WADA: IAAF knew of Russian doping scandal, corruption
A report by the World Anti-Doping Agency’s independent commission uncovered staggering levels of corruption within the International Association of Athletics Federation, track and field’s world governing body.
The report was commissioned by former WADA president Dick Pound and focused on bribery and cover-ups of senior officials as well as a leaked data base of blood tests.
It concluded that there was no way members of the IAAF Council, which included current president Sebastian Coe, could have been unaware of the extent of doping and non-enforcement of the rules in track and field. Coe was in attendance at the press conference in Munich, Germany on Thursday.
“It is increasingly clear that far more of the IAAF staff knew about the problems than has currently been acknowledged,” the report said. “It is not credible that elected officials were unaware of the situation affecting athletics in Russia. If, therefore the circle of knowledge was so extensive, why was nothing done? Quite obviously, there was no appetite on the part of the IAAF to challenge Russia.”
Despite having knowledge of what may have taken place within the IAAF, Pound backed Coe's standing as IAAF president.
“I can't think of anyone better than Lord Coe,” Pound said.
“I don’t want to lay failures of entire council and lack of proper governance council at feet of one individual,” he added.
This is the second commissioned report after the first was unveiled in Geneva, Switzerland in November and recommended a ban for Russian athletes from international competition due to signs of systemic doping in the country. The IAAF acted and Russia is in danger of being barred from competing at the 2016 Olympics in Rio de Janeiro in August.
French authorities also launched a criminal investigation into former IAAF president Lamine Diack of Senegal and Gabriel Dollé, the IAAF’s former anti-doping chief.
“The disruption of the federation emanated from the very top, the president Lamine Diack,” Richard McClaren of the WADA commission said.
A French prosecutor announced that bundles of cash were found in a safe in Dolle's home as well as 1.8 million euros in the bank account of the former Russian Athletics Federation chief Valentin Balakhnichev.
In the report released on Thursday, Diack said that he would need to cut a deal with Russian president Vladimir Putin to ensure nine Russian athletes accused of doping would not compete at 2013 IAAF world championships, which were held in Moscow. The Russian rights for the television broadcast of the world championships jumped from $6 million to $25 million and provided by a Russian bank. The report also says lawyer Habib Cissé was hand-picked by Diack to examine Russian doping cases although he had little experience with anti-doping measures.
Dolle was banned from track and field for five years after the findings of an IAAF ethics commission found he had a role in subverting the anti-doping testing system and extorted money from the marathon runner Liliya Shobukhova.
Diack’s son, Papa Massata Diack, previously served as the IAAF marketing consultant and was banned for life over the cover-up allegations with ties to the Russian doping. The WADA report also concluded that he extorted money from Olympic 1,500-meter champion Asli Cakir Alptekin to cover up abnormalities in her biological passport.
Khalil Diack was also involved in the extortion, which the report concluded that the brothers “committed fraud by representing themselves as being able to cover up (a doping) rule violation.”
Interpol issued a global red notice that Massata Diack is wanted for questioning in France on Wednesday morning.
French prosecutor Éliane Houlette shared an update on Thursday afternoon after the WADA report which focused on bribery, corruption and laundering charges against Diack, Dollé and Cissé..
The second report also noted that Ukraine, Kenya, Morocco and Spain presented a high prevalence of suspected blood doping but it was also difficult to conduct out of competition testing in those countries.
There is a doping problem in Kenya, where more than 40 athletes have tested positive for performance-enhancing drugs over the last two years.

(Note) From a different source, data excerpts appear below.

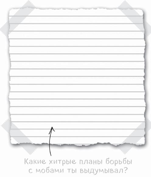 Когда горизонт был чист, я попрощался с Му-у и отправился к НЛО. В тени стояла небольшая толпа зомби, скелетов и два крипера. Как же мне установить факелы? Я знал, что не могу драться с ними всеми сразу. Поэтому я решил, что единственный выход – перехитрить их. (Что это вы так улыбаетесь? Это вполне возможно!)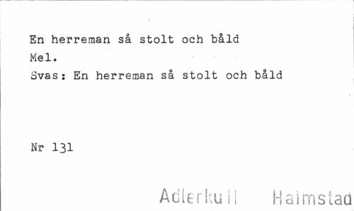 //// En herreman så stolt och båld Mel. //// Svas: En herreman så stolt och båld Nr 131 //// Adierku M Haimstaö ////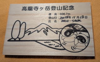 コースタイム(往復) 登り 駐車場‐(10分)‐登山口‐(110分)‐山頂   合計 2時間

Kenya topped the medal table at the 2015 world championships with 16 medals and seven gold.
On Monday, documents were shared with the Associated Press that showed senior IAAF officials had knowledge about Russian blood doping as early as 2009. The blood levels were so high that athletes were in danger of dying.

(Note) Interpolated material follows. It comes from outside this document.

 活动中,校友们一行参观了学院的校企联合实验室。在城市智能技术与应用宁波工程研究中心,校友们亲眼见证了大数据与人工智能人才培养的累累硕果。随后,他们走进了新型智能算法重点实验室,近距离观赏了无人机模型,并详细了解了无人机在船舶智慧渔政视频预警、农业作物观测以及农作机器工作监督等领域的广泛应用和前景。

Reports of corruption and doping cover-ups were first raised by The Sunday Times and German broadcast TV station ARD before the Coe succeeded Diack as president. Coe called the allegations a “war on my sport.”

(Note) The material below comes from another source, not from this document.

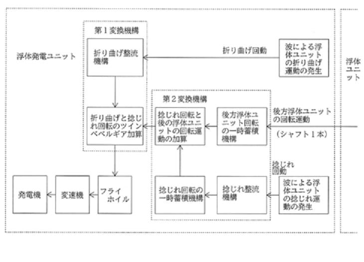 本波力発電システムの屈曲動揺平面型は、浮体ユニットが波力により、揺れ動くときに浮体ユニット間で生じる「曲がり」や「捻じれ」により発電させる。

The report determined that WADA does not express the same views The Sunday Times expressed that the IAAF was inadequate in responding to blood doping. Pound said the blood value data published by The Sunday Times could not determine for doping sanctions since data was incomplete.
Coe served as IAAF vice president under Lamine Diack for seven years. As the inner workings by the IAAF over the years have been revealed, Coe has expressed his shock and innocence amid corruption allegations.
Coe's former press secretary, Nick Davies, was criticized in the report for failing to share 'knowledge of Russian skeletons in the cupboard' in meeting with the commission.
Pound was asked whether the IAAF remains an “organization in denial” under Coe.
“Yes, of course there was a cover-up and delay and all sorts of things,” Pound replied. “Acknowledge this. If you can't acknowledge it you are never going to get past it.”